A Continual and Incremental Learning Approach for TinyML On-device Training Using Dataset Distillation and Model Size Adaption

Read original: arXiv:2409.07114 - Published 9/12/2024 by Marcus Rub, Philipp Tuchel, Axel Sikora, Daniel Mueller-Gritschneder

A Continual and Incremental Learning Approach for TinyML On-device Training Using Dataset Distillation and Model Size Adaption

Overview

Examines a continual and incremental learning approach for training tiny machine learning (TinyML) models on-device
Leverages dataset distillation and model size adaptation to enable efficient training with limited device resources
Focuses on enabling on-device training for edge AI applications with tight memory and computational constraints

Plain English Explanation

This research paper introduces a new approach for training tiny machine learning (TinyML) models directly on edge devices, such as smartphones or IoT sensors. The key challenge is that these devices have very limited memory and processing power, making it difficult to train complex models.

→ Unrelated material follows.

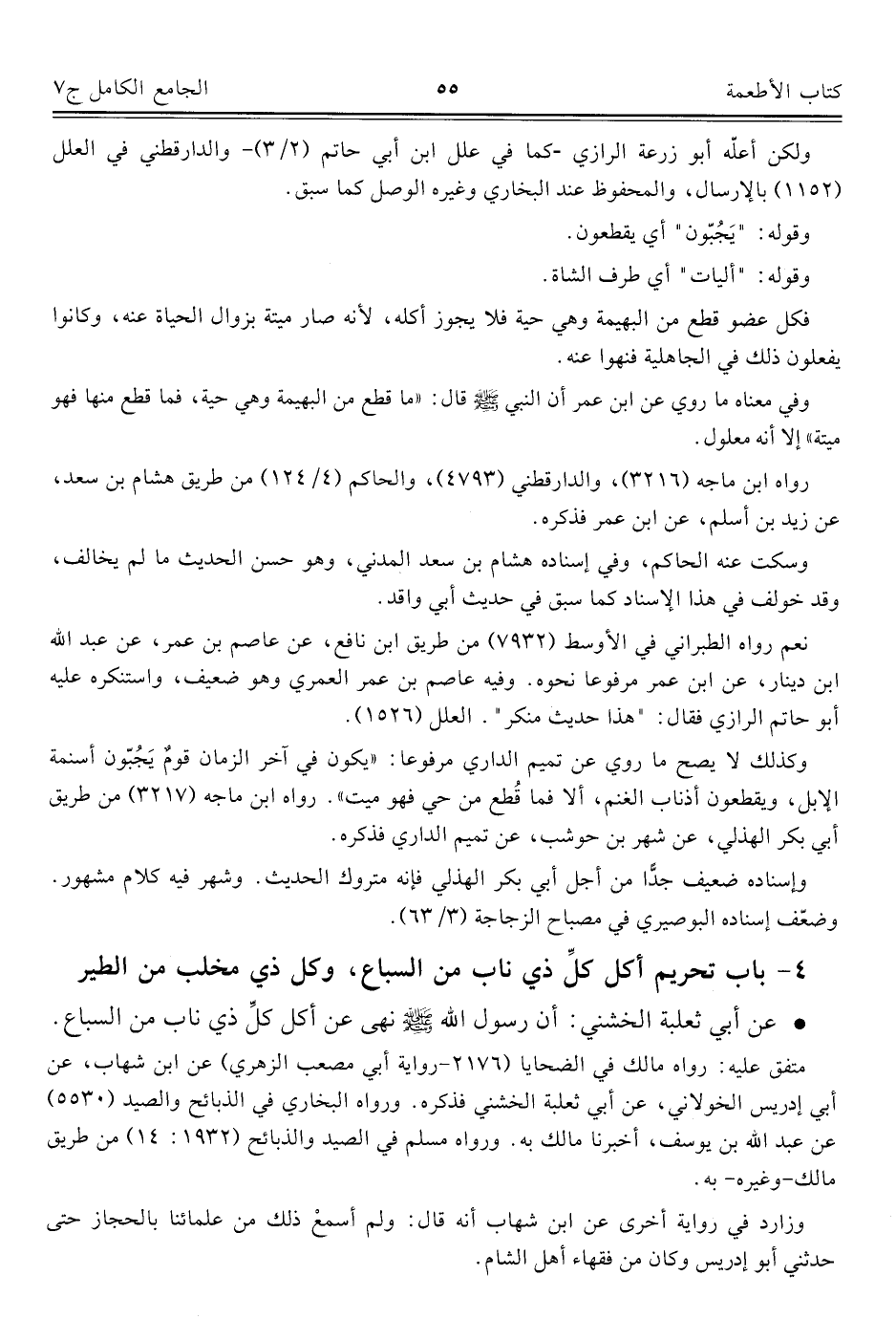 وفي معناه ما رُوي عن ابن عمر أن النَّبِيّ صلى الله عليه وسلم قال: "ما قطع من البهيمة وهي حية، فما قطع منها فهو ميتة، إِلَّا أنه معلول.

The researchers propose a technique called dataset distillation that can compress large training datasets into a smaller set of "distilled" samples. This allows the model to be trained on-device using the compressed dataset, rather than the full original dataset which would be too large to fit in the device's memory.

Additionally, the researchers developed a model size adaptation approach that can dynamically adjust the size of the neural network model to fit within the tight memory constraints of the edge device. This allows the model to be trained and run efficiently on-device.

The combination of dataset distillation and model size adaptation enables a continual and incremental learning approach, where the model can be updated and fine-tuned over time directly on the edge device. This is important for applications like personalized recommendations or activity recognition, where the model needs to adapt to the user's changing preferences or behavior.

Technical Explanation

The paper proposes a novel approach for enabling on-device training of TinyML models, which is critical for edge AI applications with tight resource constraints.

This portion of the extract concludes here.